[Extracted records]
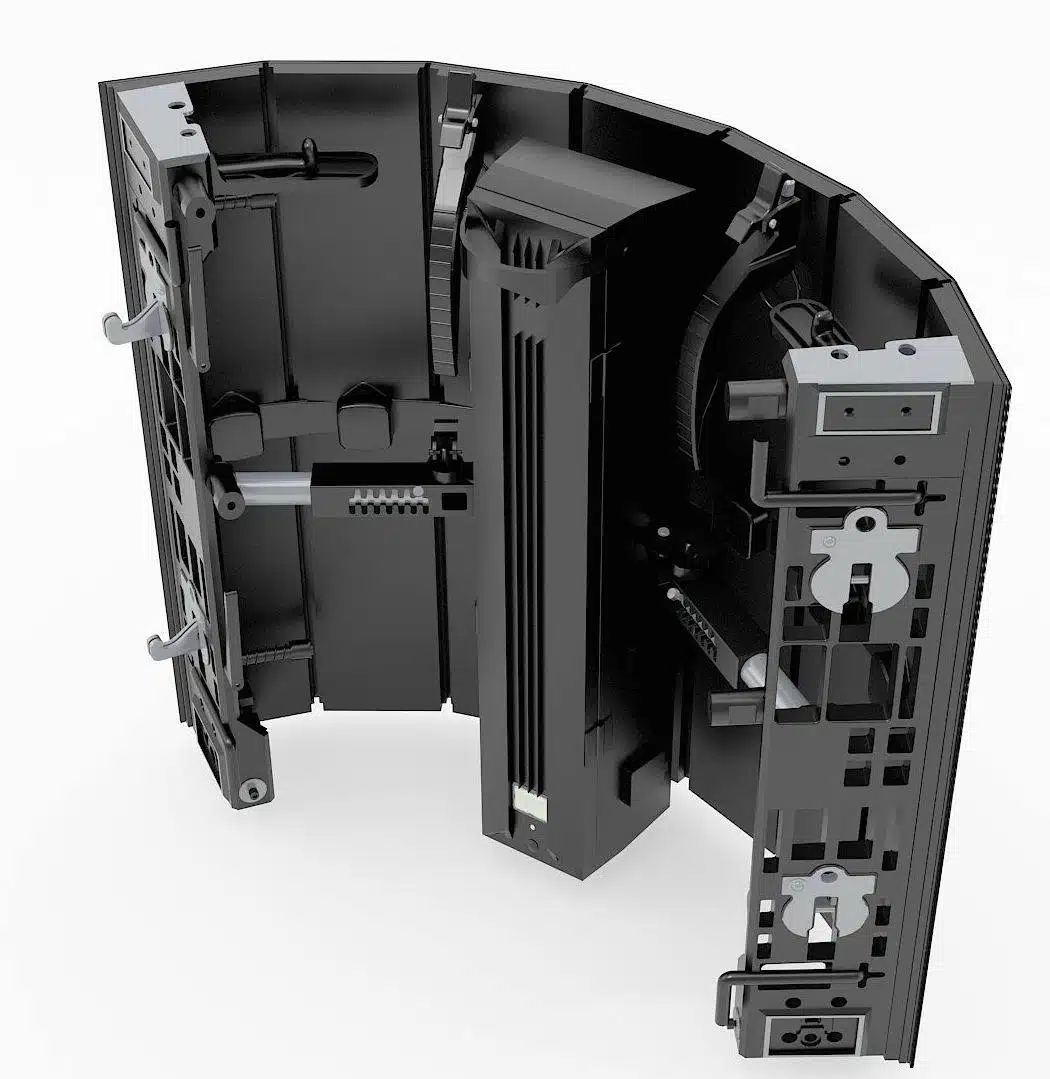 Möglich wird die Konstruktion durch sB5 Flex Module von LEDitgo. Diese sind in 13 Stufen konvex und konkav in einen Winkel von bis zu 45° verstellbar und ermöglichen dadurch auch runde Formen, wie zum Beispiel den LED-Kreis. Herkömmliche LED-Module haben diese Fähigkeit nicht und können dadurch keine organischen Formen bilden. Die Module leuchten mit bis zu 5500cd/m². Die Maße eines einzelnen Moduls betragen 50x50cm bei einer Tiefe von gerade einmal 11,6cm. Durch das Fast-Lock-System sind die Module schnell und sicher miteinander verbunden.
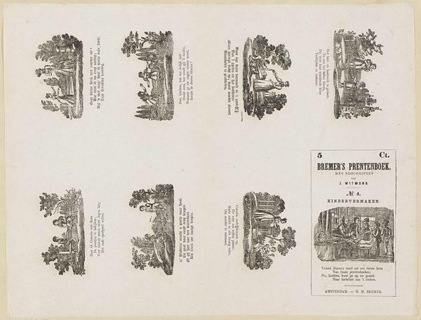 Editor: This is "Pleading at the Bar or Popular Education, a Farce, Performed Every Sessions" by George Cruikshank. It’s hard not to notice the dark humor. What do you see in this piece? Curator: The image is a powerful commentary on social justice and education. Note the courtroom scenes juxtaposed with the gentleman. What emotional weight do you think the artist intended to convey through these contrasting images? Editor: Perhaps a sense of disillusionment with the legal system? Curator: Precisely. Cruikshank uses visual shorthand to evoke a sense of imbalance and failed promises. Considering this, how might our understanding of education evolve over time? Editor: I see the cultural memory here, and the symbols of inequity. Thanks for pointing that out! Curator: It underscores the enduring themes of social commentary in art.
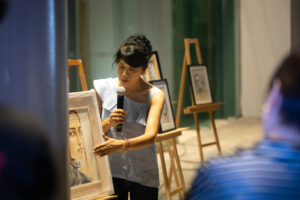 En la última parte del encuentro, el público pudo apreciar una selección de retratos elaborados por Sandra Uribe y entablar un diálogo directo con la artista sobre sus inquietudes y opiniones sobre la obra expuesta para este evento.
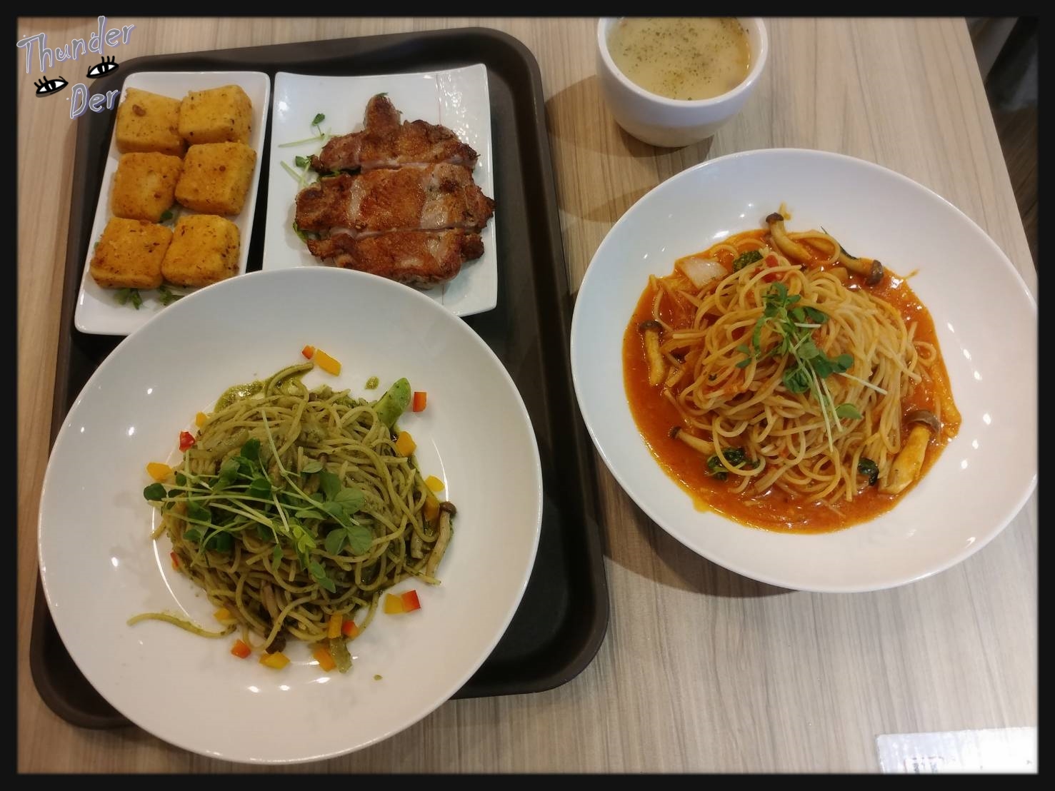 下圖是原味時蔬義大利麵(青醬)加自由配的迷迭香煎雞腿共180元
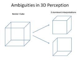 사용자는 2D보다 3D로 표현된 것을 더 선호합니다. 그러나, 현실에서는 3D의 형태를 이해하는데 더 많은 주의력 자원 (attention resource)이 필요합니다. 그래서 인지하는데 시간이 더 걸립니다. 거기에 더해, 인식의 모호함 (perceptual ambiguity)을 일으키기도 합니다. 그림 3은 하나의 3D 그림이 다양하게 인식되는 예를 보여줍니다.
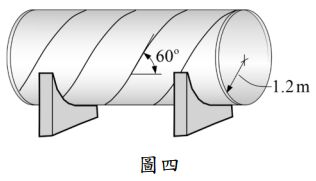 四、圖四所示為一座壁厚 10 mm、平均半徑為 1.2 m 的水平臥式薄壁圓桶壓力容器,由 60° 斜角不銹鋼板銲接而成。若壓力容器的內壓為 1.5 MPa, 試計算垂直於銲縫的平面正向應力及平行於銲縫的平面剪應力值。
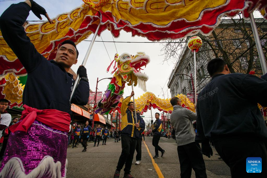 People perform dragon dance during a parade in celebration of the Chinese New Year in Vancouver, Canada, Jan. 22, 2023. (Photo by Liang Sen/Xinhua)
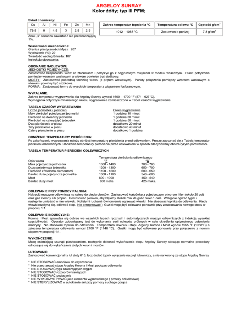 ARGELOY SUNRAY Kolor Ŝółty; typ III PFM; Skład chemiczny: Cu Al Ni Fe Zn Mn Zakres temperatur topnienia °C Temperatura odlewu °C Gęstość g/cm3 79,5 8 4,5 3 2,5 2,5 1012 – 1068 °C Zestawienie poniŜej 7,8 g/cm3 Znak „x” oznacza zawartość nie przekraczającą 1%. Właściwości mechaniczne: Granica plastyczności (Mpa): 207 WydłuŜenie (%): 29 Twardość według Brinella: 107 Instrukcja stosowania: OBCINANIE NADLEWÓW: JEDNOSTKI POJEDYNCZE: Zastosować bezpośredni wlew ze zbiornikiem i połączyć go z najgrubszym miejscem w modelu woskowym. Punkt połączenia pomiędzy wzorcem woskowym a wlewem powinien być stoŜkowy. MOSTY: Zastosować pośrednią technikę wlewu (z prętem wlewowym). Punkty połączenia pomiędzy wzorcem woskowym a wlewami powinny być stoŜkowe. FORMA: Zastosować formy do wysokich temperatur z wiązaniem fosforanowym. WYPALANIE: Zakres temperatur wygrzewania dla Argeloy Sunray wynosi 1600 – 1700 °F (871 - 927°C). Wymagania dotyczące minimalnego okresu wygrzewania zamieszczono w Tabeli czasów wygrzewania. TABELA CZASÓW WYGRZEWANIA Liczba jednostek / pierścieni Mały pierścień pojedynczej jednostki Pierścień na dwie/trzy jednostki Pierścień na cztery/pięć jednostek Dwa pierścienie w piecu Trzy pierścienie w piecu Cztery pierścienie w piecu Okres wygrzewania 1 godzina 10 minut 1 godzina 30 minut 1 godzina 50 minut dodatkowo 20 minut dodatkowo 40 minut dodatkowo 1 godzina OBNIśENIE TEMPERATURY PIERŚCIENIA: Po zakończeniu wygrzewania naleŜy obniŜyć temperaturę pierścienia przed odlewaniem. Proszę zapoznać się z Tabelą temperatur pierścieni odlewniczych. ObniŜenie temperatury pierścienia przed odlewaniem w sposób zdecydowany obniŜa ryzyko porowatości. TABELA TEMPERATUR PIERŚCIENI ODLEWNICZYCH Opis wzoru Mała pojedyncza jednostka DuŜa pojedyncza jednostka Pierścień z wieloma elementami Bardzo duŜa pojedyncza jednostka Most Bardzo duŜy most Temperatura pierścienia odlewniczego °F °C 1300 - 1400 700 - 760 1200 - 1300 650 - 700 1100 - 1200 600 - 650 1000 - 1100 540 - 600 800 - 1000 450 - 540 800 maks. 425 maks. ODLEWANIE PRZY POMOCY PALNIKA: Nakręcić maszynę odlewniczą na cztery do pięciu obrotów. Zastosować końcówkę z pojedynczym otworem i tlen (około 20 psi) oraz gaz ziemny lub propan. Dostosować płomień, aby błękitny stoŜek miał długość około 1 cala. Wstępnie ogrzać tygiel i następnie umieścić w nim wlewek. Kolistymi ruchami równomiernie ogrzewać wlewki. Nie stosować topnika do odlewania. Kiedy wlewki rozpłyną się, odlewać stop. Nie przegrzewać!) Guziki mogą być odlewane ponownie przy zastosowaniu nowego stopu w proporcji 1:1. ODLEWANIE INDUKCYJNE: Korona i Most sprawdza się dobrze we wszelkich typach ręcznych i automatycznych maszyn odlewniczych z indukcją wysokiej częstotliwości. Operator zobowiązany jest do wykonania serii odlewów próbnych w celu określenia optymalnego ustawienia maszyny. Nie stosować topnika do odlewania. Temperatura likwidusu stopu Argeloy Korona i Most wynosi 1955 °F (1068°C) a zalecana temperatura odlewania wynosi 2100 °F (1148 °C). Guziki mogą być odlewane ponownie przy połączeniu z nowym stopem w proporcji 1:1. WYKOŃCZENIE: Masę osłaniającą usunąć piaskowaniem, następnie dokonać wykończenia stopu Argeloy Sunray stosując normalne procedury odnoszące się do wykańczania złotych koron i mostów. LUTOWANIE: Zastosować konwencjonalny lut złoty 615, lecz dodać topnik wyłącznie na pręt lutowniczy, a nie na koronę ze stopu Argeloy Sunray * * * * * * * NIE STOSOWAĆ amoniaku do czyszczenia Nie przegrzewać stopu Argeloy Korona i Most podczas odlewania NIE STOSOWAĆ tygli zawierających węgiel NIE STOSOWAĆ roztworów trawiących NIE STOSOWAĆ pozłacania NIE WYKORZYSTYWAĆ jako elementu wyjmowalnego ( protezy szkieletowe) NIE STERYLIZOWAĆ w autoklawie ani przy pomocy suchego gorąca
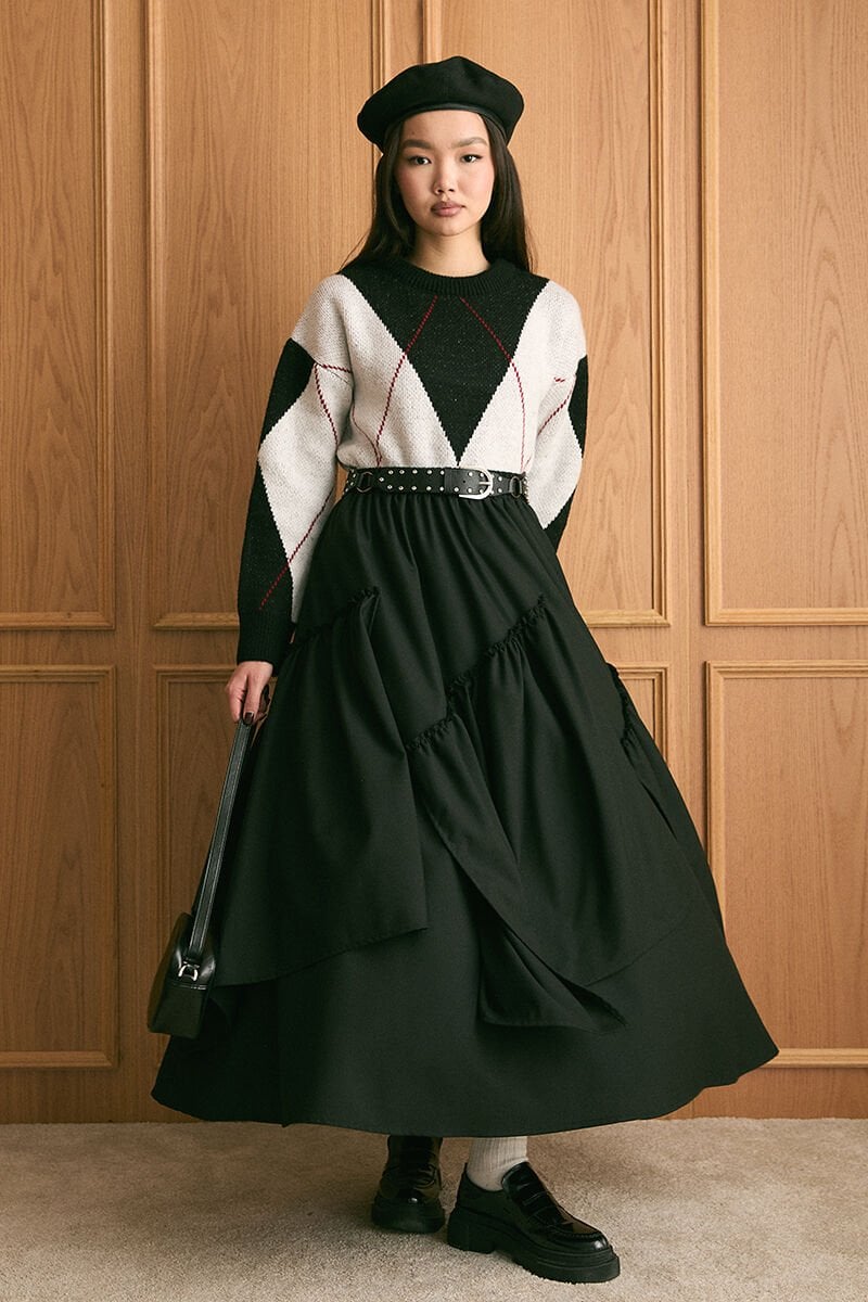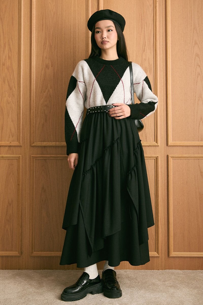 Siyah Baklava Desen Triko Kazak & Siyah Poliviskon Bohem Kat Etek Takım

▶ **Goal of the exercise**
Out of the records above, set down only the lines from the one that contains "下圖是原味時蔬義大利麵(青醬)加自由配的迷迭香煎雞腿共180元" through the one that contains "People perform dragon", unchanged and without the pictures.

▶ **Problem solution**
 下圖是原味時蔬義大利麵(青醬)加自由配的迷迭香煎雞腿共180元
 사용자는 2D보다 3D로 표현된 것을 더 선호합니다. 그러나, 현실에서는 3D의 형태를 이해하는데 더 많은 주의력 자원 (attention resource)이 필요합니다. 그래서 인지하는데 시간이 더 걸립니다. 거기에 더해, 인식의 모호함 (perceptual ambiguity)을 일으키기도 합니다. 그림 3은 하나의 3D 그림이 다양하게 인식되는 예를 보여줍니다.
 四、圖四所示為一座壁厚 10 mm、平均半徑為 1.2 m 的水平臥式薄壁圓桶壓力容器,由 60° 斜角不銹鋼板銲接而成。若壓力容器的內壓為 1.5 MPa, 試計算垂直於銲縫的平面正向應力及平行於銲縫的平面剪應力值。
 People perform dragon dance during a parade in celebration of the Chinese New Year in Vancouver, Canada, Jan. 22, 2023. (Photo by Liang Sen/Xinhua)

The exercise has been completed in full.